The offensive against the Third Romanian Army began at 08:50, led by the 21st and 65th Soviet Armies and the 5th Tank Army. The first two assaults were repulsed by the Romanian defenders, and the effects of the heavy artillery bombardment had actually made it more difficult for Soviet armor to navigate through the minefields and terrain. However, the lack of heavy anti-tank artillery caused the Romanian defense to collapse; a breakthrough by the 4th Tank Corps and 3rd Guards Cavalry Corps was established by noon. Soon after, the 5th Tank Army was able to gain a breakthrough against the Second Romanian Corps, followed by the Eighth Cavalry Corps. As Soviet armor navigated through the thick fog by compass, overrunning Romanian and German artillery positions, three Romanian infantry divisions began to fall back in disarray; the Third Romanian Army had been outflanked to the west and east. After receiving the news of the Soviet attack, Sixth Army headquarters failed to order the 16th and 24th Panzer Divisions, hitherto engaged in Stalingrad, to reorient themselves to bolster the Romanian defenses; instead the task was given to the seriously understrength and poorly equipped 48th Panzer Corps.

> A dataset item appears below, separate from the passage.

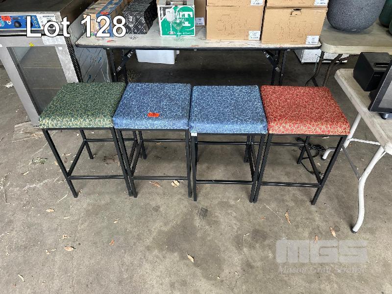 4 x STEEL FRAME STOOLS, FABRIC TOPS, 650mm (H)

The 48th Panzer Corps had fewer than 100 serviceable modern tanks. Furthermore, they lacked fuel, and the shortage of tanks forced commanders to organize tank crews into infantry companies; the 22nd Panzer Division, which formed part of the corps, was almost completely destroyed in the fighting that ensued. The 22nd had entered the fighting with fewer than thirty working tanks, and left with a company of tanks. The Romanian 1st Armored Division, attached to the 48th Panzer Corps, engaged the Soviet 26th Tank Corps after having lost communications with their German corps commanders, and were defeated by 20 November. As the Soviets continued to advance southwards, many Soviet tank crews began to suffer from the worsening blizzard, which affected men and equipment and blocked gunsights. It was not uncommon for tanks to lose traction and for crew members to break their arm from being tossed around inside the hull. However, the blizzard also neutralized the German corps' coordination.

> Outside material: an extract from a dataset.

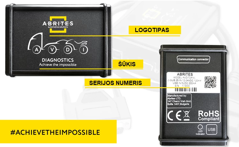 Įsigydami arba domėdamiesi ABRITES AVDI diagnostikos įranga, pastebėsite logotipą, serijos numerį ir įmonės šūkį - „Achieve the impossible“. O klonuotuose gaminiuose nepavyksta nukopijuoti šių vaizdinių detalių taip tiksliai arba jos yra tiesiog nerašomos ant prietaiso. Jie bando prekinį ženklą rašyti su santrumpomis, panašiais į originalų AVDI.

The rout of the Third Romanian Army began by the end of 19 November. The Soviet 21st Army and 5th Tank Army captured 27,000 Romanians—the bulk of three divisions—and then continued their advance southwards. Soviet cavalry was used to exploit the breakthrough, sever communications between the Romanians and the Italian 8th Army, and to block any counterattack against the Soviet flank. While the Red Air Force strafed retreating Romanian soldiers, the Luftwaffe provided only negligible opposition. The withdrawal of the 1st Romanian Cavalry Division, originally positioned on the German 376th Infantry Division's flank, allowed the 65th Army to bypass German defenses. As German forces began to react late on 19 November, another attack was launched on the Sixth Army's southern flank.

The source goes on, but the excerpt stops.